● **YOUR OBJECTIVE**
From the first line of the data down to and including the line with "Долго выбирали робот-пылесос", copy everything exactly, leaving out pictures.

● **DATA PROVIDED**
════════

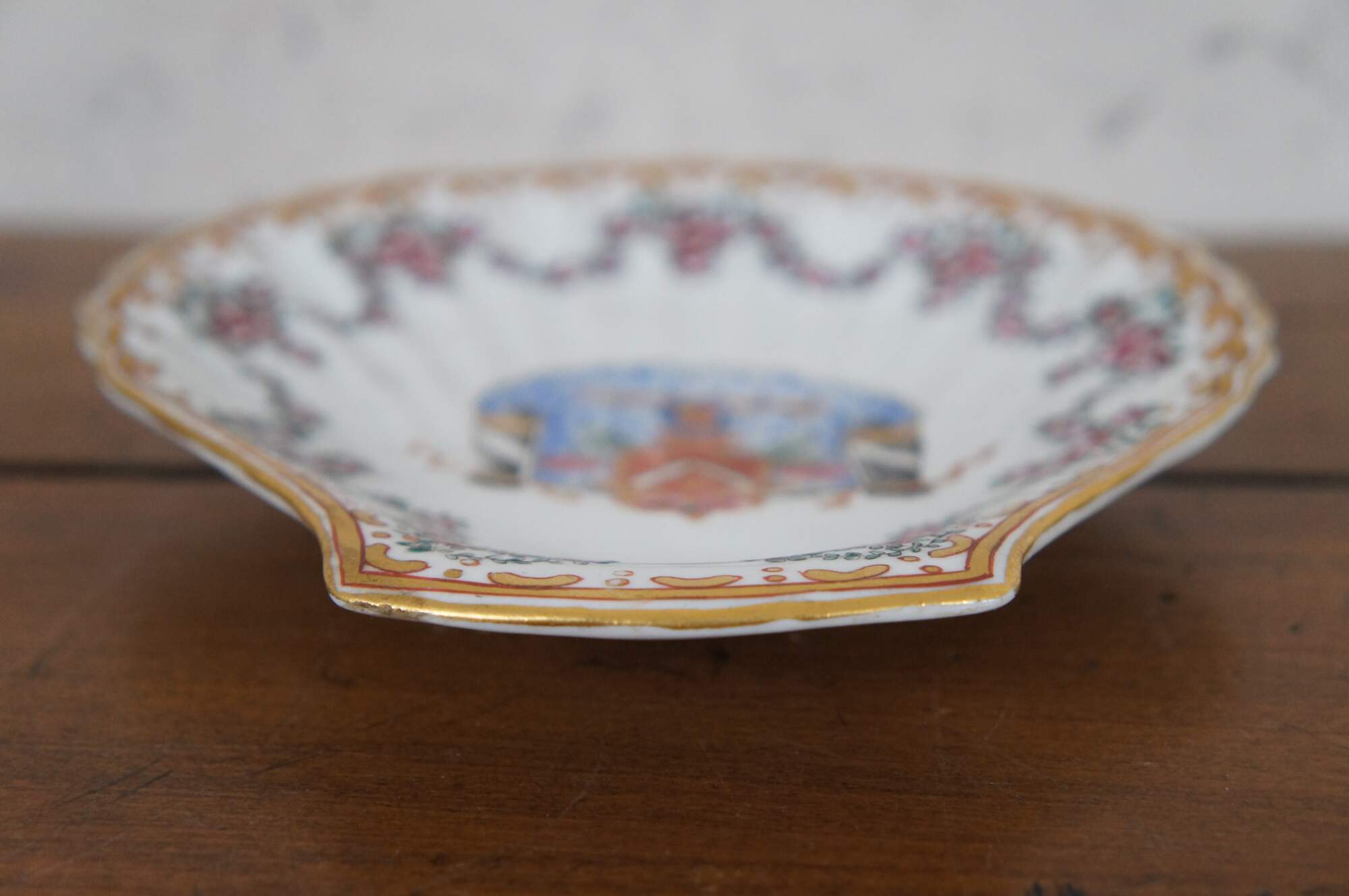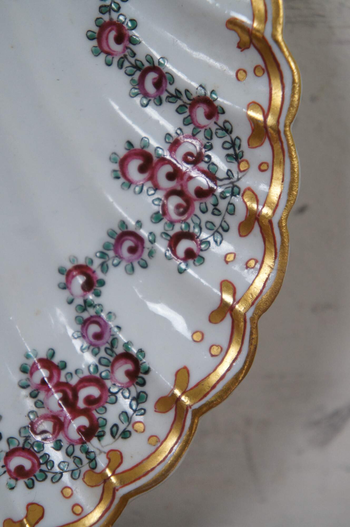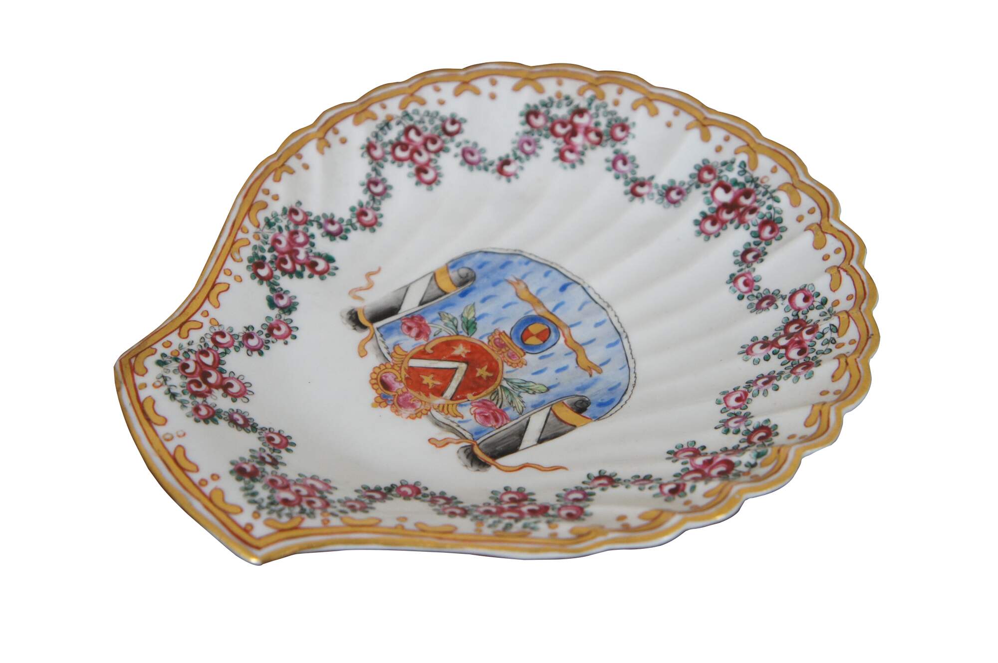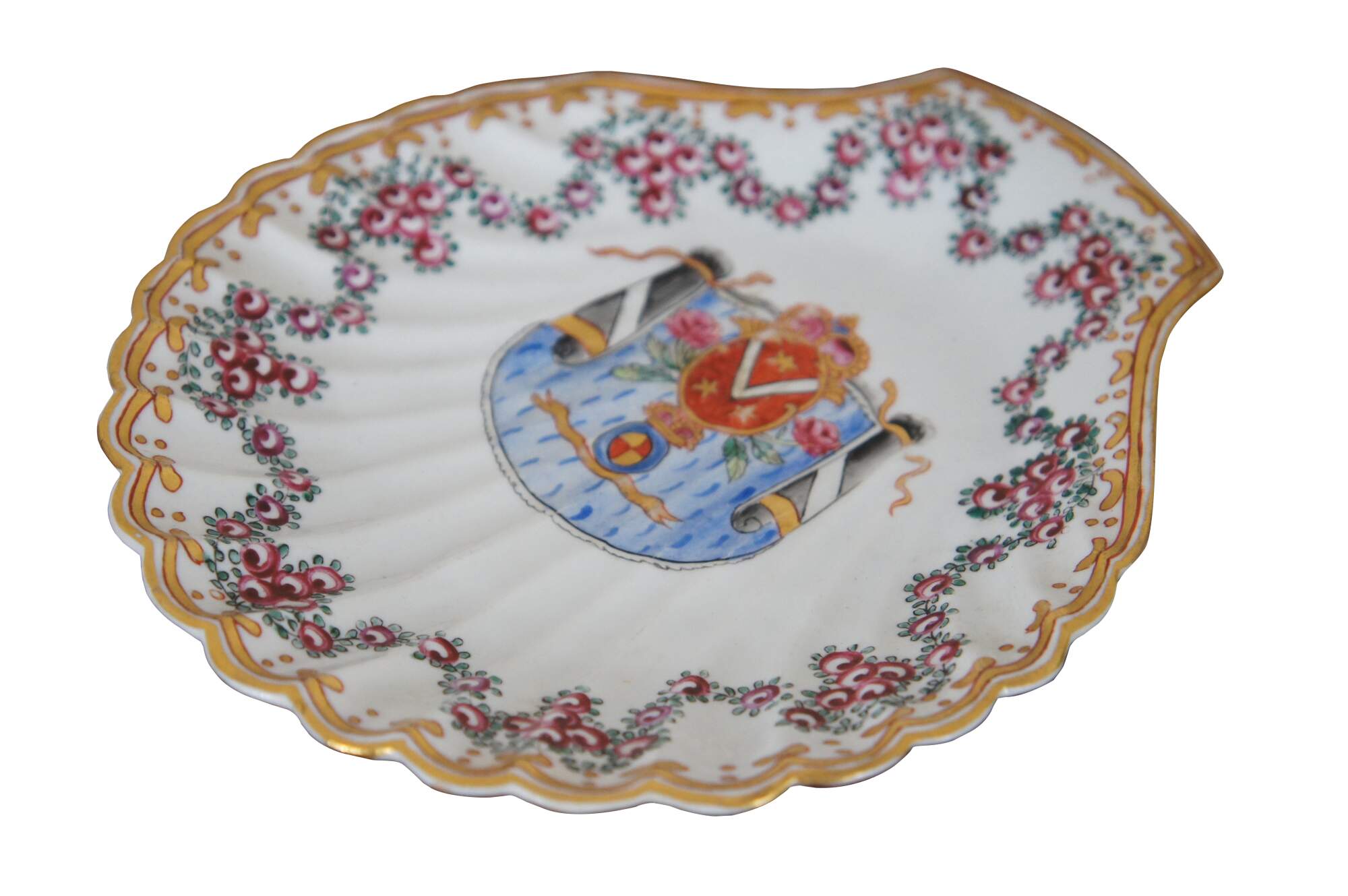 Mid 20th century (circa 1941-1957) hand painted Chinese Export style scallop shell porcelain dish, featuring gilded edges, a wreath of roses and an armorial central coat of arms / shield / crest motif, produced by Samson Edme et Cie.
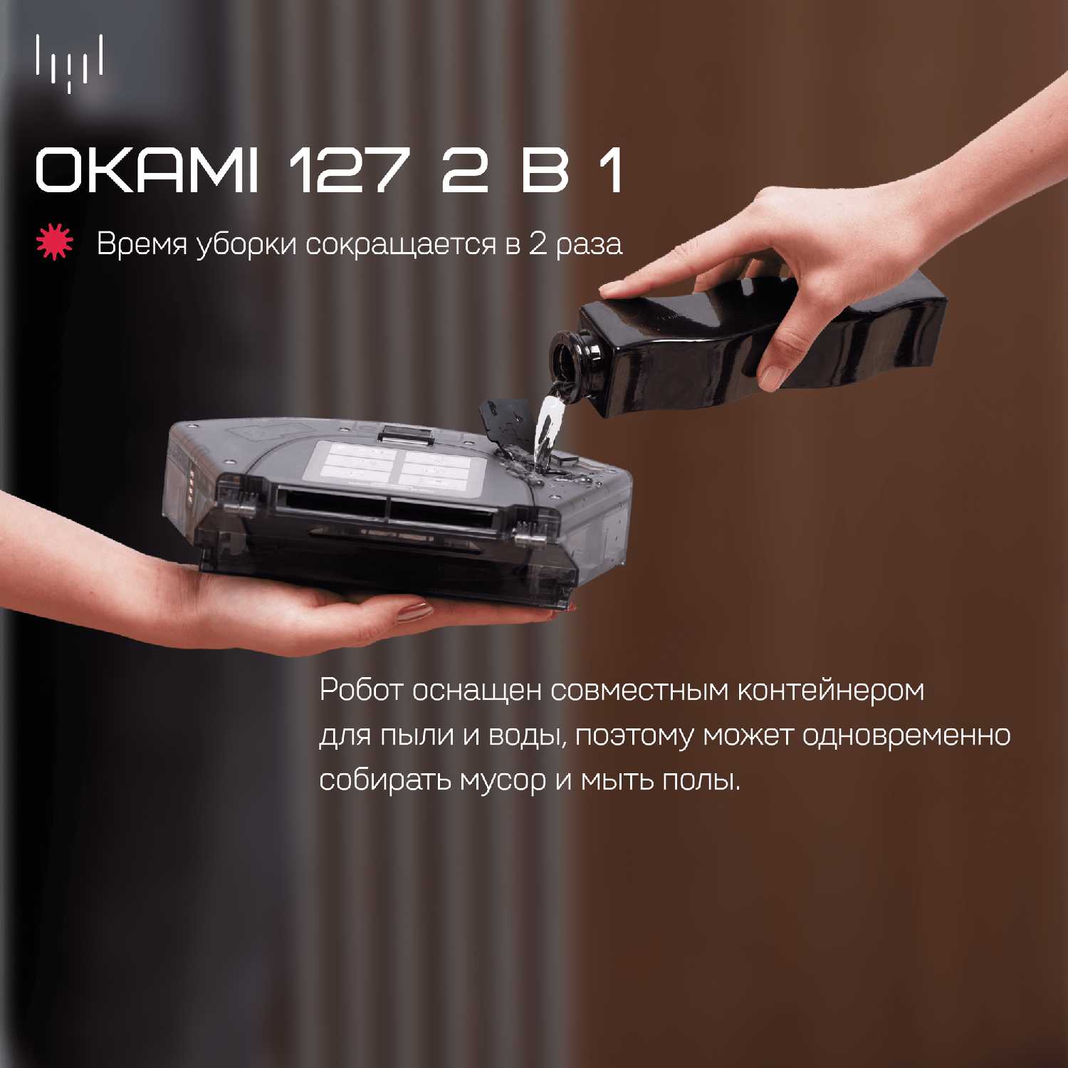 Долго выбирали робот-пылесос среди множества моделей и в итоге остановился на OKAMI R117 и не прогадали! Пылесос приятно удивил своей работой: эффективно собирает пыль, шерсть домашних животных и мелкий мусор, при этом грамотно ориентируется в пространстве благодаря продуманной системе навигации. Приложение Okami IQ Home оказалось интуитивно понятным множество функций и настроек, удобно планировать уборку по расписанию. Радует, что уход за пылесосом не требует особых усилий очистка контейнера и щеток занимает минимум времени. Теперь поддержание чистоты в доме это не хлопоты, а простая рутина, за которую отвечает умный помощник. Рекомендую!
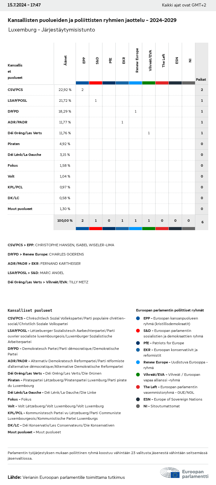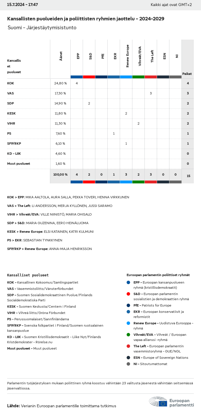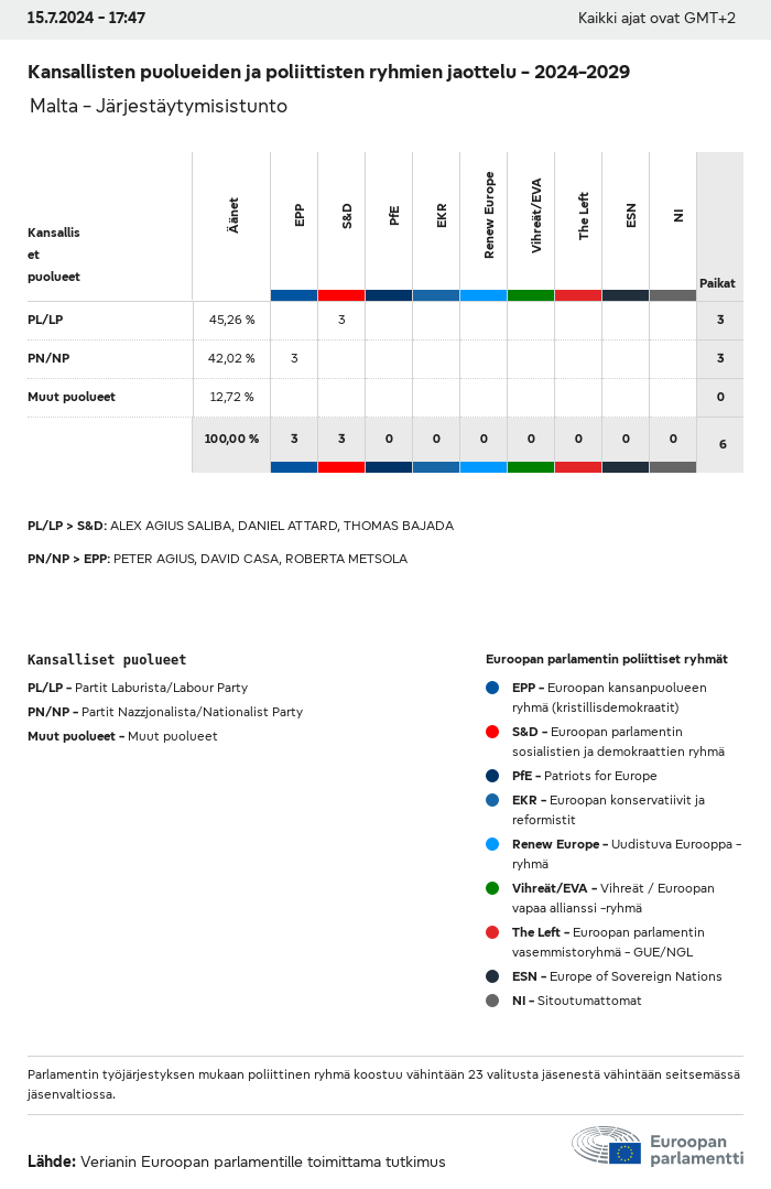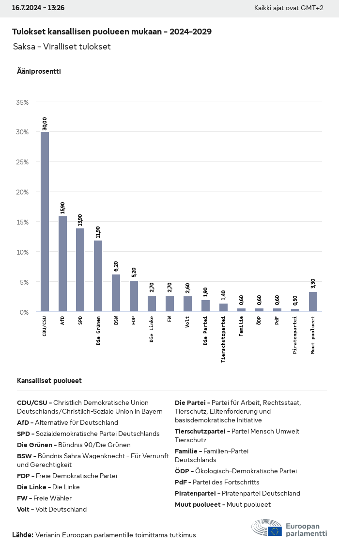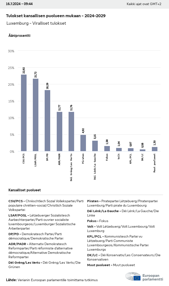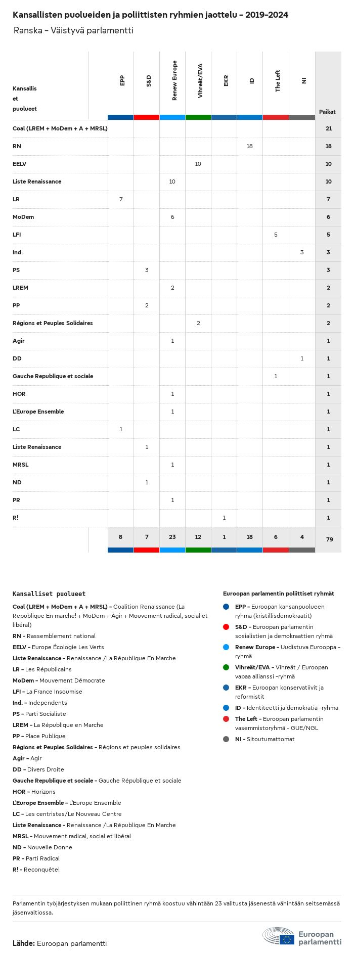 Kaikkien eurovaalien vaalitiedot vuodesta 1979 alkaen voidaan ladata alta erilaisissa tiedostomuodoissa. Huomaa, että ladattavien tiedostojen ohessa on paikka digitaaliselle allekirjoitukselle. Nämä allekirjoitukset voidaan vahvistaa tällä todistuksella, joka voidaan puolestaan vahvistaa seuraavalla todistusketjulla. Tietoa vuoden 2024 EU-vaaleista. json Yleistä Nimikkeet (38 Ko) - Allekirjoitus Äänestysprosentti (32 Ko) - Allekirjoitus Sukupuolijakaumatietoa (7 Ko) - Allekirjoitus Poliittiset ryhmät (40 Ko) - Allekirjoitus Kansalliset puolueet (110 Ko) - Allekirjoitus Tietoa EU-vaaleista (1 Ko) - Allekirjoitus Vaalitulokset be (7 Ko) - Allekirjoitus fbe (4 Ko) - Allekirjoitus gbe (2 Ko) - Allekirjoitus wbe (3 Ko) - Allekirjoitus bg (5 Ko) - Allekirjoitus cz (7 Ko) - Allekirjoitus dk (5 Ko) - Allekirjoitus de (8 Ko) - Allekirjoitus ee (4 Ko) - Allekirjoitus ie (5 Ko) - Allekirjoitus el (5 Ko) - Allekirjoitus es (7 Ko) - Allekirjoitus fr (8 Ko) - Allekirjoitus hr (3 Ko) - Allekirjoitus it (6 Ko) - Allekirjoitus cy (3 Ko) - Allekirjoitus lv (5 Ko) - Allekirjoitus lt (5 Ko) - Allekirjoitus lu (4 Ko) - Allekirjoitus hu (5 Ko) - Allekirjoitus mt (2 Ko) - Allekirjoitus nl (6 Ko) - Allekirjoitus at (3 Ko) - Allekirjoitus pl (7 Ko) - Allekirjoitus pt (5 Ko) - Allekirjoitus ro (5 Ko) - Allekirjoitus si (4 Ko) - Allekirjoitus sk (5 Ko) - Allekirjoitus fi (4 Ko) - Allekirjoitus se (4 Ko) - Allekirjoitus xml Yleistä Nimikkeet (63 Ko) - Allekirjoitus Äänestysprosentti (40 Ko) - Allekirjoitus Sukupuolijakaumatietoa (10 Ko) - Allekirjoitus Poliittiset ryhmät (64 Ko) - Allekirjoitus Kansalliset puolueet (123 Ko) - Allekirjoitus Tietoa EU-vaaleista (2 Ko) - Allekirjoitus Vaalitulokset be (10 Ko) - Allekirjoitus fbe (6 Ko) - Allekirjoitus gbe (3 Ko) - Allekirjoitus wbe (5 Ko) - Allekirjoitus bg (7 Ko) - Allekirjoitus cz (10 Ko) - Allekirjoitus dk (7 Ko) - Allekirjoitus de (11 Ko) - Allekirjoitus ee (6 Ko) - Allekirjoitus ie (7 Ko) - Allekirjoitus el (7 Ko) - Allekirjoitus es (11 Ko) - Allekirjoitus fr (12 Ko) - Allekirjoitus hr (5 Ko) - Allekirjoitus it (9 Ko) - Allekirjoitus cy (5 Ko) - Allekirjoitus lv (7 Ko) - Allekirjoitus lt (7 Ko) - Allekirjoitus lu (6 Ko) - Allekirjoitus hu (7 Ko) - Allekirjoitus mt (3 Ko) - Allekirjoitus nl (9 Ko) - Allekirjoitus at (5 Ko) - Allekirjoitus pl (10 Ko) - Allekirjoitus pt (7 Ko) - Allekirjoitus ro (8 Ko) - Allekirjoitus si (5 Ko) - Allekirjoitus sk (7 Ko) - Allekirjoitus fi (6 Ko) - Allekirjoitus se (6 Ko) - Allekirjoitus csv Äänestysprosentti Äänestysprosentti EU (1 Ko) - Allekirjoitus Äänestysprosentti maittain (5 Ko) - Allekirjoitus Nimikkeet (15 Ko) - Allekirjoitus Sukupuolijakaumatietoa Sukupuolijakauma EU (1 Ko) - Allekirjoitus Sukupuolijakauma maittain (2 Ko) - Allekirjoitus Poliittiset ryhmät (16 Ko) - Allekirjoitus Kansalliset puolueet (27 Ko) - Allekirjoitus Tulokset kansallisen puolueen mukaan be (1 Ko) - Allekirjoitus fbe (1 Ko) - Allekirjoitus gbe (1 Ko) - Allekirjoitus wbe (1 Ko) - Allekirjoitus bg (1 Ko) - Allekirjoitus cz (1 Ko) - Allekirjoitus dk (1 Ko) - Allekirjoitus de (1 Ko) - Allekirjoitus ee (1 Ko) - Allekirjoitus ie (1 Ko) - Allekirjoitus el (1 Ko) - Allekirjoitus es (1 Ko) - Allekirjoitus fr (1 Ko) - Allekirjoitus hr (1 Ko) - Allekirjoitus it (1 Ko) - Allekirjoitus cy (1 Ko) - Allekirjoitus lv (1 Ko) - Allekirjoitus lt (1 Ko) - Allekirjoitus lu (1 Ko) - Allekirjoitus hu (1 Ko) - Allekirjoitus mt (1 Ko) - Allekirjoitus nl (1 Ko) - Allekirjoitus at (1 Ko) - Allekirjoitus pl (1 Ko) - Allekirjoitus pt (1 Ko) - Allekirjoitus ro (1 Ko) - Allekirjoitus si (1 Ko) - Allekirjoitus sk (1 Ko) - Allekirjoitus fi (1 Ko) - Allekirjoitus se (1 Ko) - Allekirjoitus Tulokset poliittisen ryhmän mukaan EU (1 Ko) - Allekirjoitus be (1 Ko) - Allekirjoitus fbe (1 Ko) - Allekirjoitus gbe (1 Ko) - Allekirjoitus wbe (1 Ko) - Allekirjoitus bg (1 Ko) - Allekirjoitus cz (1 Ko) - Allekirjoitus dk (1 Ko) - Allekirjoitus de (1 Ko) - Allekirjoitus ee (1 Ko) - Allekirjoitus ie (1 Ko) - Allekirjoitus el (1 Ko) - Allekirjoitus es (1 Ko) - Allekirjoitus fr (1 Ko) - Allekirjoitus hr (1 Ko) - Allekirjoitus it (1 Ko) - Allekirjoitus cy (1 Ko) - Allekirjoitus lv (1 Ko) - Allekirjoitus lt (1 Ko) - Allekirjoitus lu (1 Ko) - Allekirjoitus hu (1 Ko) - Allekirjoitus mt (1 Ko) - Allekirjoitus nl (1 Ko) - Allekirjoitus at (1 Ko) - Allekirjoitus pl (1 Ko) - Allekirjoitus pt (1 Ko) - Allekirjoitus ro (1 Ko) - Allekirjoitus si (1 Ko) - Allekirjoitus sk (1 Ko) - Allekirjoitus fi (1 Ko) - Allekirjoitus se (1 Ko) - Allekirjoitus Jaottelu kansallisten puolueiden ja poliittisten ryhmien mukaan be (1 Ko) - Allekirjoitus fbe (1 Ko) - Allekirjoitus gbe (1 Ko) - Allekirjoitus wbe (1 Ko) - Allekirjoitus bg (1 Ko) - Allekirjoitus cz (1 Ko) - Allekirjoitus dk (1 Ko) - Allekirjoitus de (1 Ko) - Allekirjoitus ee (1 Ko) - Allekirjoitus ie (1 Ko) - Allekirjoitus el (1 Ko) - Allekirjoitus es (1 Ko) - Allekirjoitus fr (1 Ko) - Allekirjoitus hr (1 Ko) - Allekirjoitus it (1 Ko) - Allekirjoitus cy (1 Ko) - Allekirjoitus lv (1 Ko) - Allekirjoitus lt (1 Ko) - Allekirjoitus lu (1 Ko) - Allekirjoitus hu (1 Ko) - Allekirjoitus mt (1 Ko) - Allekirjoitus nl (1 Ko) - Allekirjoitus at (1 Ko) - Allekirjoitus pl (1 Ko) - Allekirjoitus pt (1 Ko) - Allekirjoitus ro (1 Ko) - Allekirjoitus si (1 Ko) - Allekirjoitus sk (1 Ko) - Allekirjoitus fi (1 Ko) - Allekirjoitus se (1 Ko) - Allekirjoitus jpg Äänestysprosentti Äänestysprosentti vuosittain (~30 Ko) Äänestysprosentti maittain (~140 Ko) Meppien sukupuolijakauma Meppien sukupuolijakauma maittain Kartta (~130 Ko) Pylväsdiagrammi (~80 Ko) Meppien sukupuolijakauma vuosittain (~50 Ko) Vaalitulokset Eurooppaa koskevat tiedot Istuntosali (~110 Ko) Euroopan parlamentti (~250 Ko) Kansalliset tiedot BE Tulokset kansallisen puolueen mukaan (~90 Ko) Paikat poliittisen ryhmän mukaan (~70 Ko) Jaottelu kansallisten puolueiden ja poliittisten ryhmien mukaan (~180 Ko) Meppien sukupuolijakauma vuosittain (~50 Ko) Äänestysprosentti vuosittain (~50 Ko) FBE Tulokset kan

════════

● **RESULT OF THIS TASK**
 Mid 20th century (circa 1941-1957) hand painted Chinese Export style scallop shell porcelain dish, featuring gilded edges, a wreath of roses and an armorial central coat of arms / shield / crest motif, produced by Samson Edme et Cie.
 Долго выбирали робот-пылесос среди множества моделей и в итоге остановился на OKAMI R117 и не прогадали! Пылесос приятно удивил своей работой: эффективно собирает пыль, шерсть домашних животных и мелкий мусор, при этом грамотно ориентируется в пространстве благодаря продуманной системе навигации. Приложение Okami IQ Home оказалось интуитивно понятным множество функций и настроек, удобно планировать уборку по расписанию. Радует, что уход за пылесосом не требует особых усилий очистка контейнера и щеток занимает минимум времени. Теперь поддержание чистоты в доме это не хлопоты, а простая рутина, за которую отвечает умный помощник. Рекомендую!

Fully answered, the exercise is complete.